Starting with the first line of the listing, quote each line exactly until and including the one with "Piste cyclable La Riveraine, Sainte-Catherine", leaving pictures out.

> **Collected material**

[Start of Attachment]

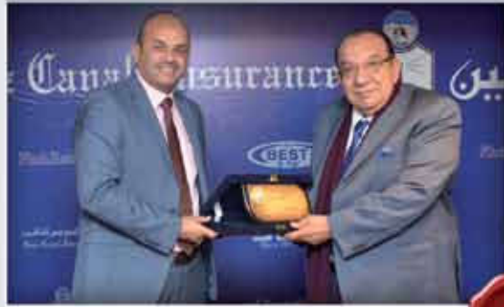
المركز الثاني فرع الإسكندرية
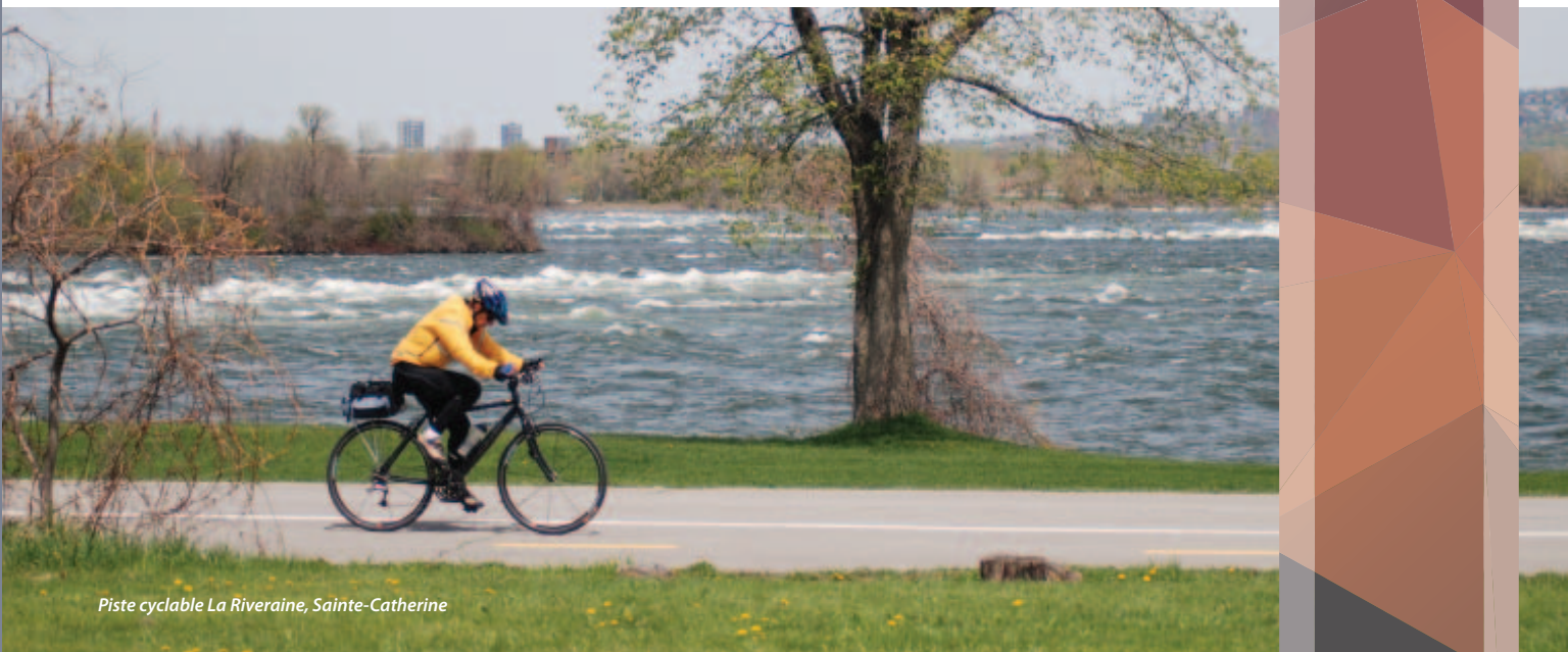
Piste cyclable La Riveraine, Sainte-Catherine

La réalisation d'un important programme d'aménagement urbain a permis d'ajouter au charme du lieu tout en mettant en valeur son histoire et les découvertes archéologiques réalisées. Le Musée d'archéologie de Roussillon, situé au cœur du quartier, convie la population à découvrir l'importante collection archéologique de la région. Il propose aussi une programmation d'activités et d'expositions diversifiée et adaptée à tous les publics. La Société d'histoire de La Prairie-de-la-Magdeleine offre de son côté des ateliers de généalogie, des conférences et des visites guidées du quartier. Plusieurs restaurants et boutiques animent le Vieux-La Prairie.

[End of Attachment]

> **Your response**
المركز الثاني فرع الإسكندرية
Piste cyclable La Riveraine, Sainte-Catherine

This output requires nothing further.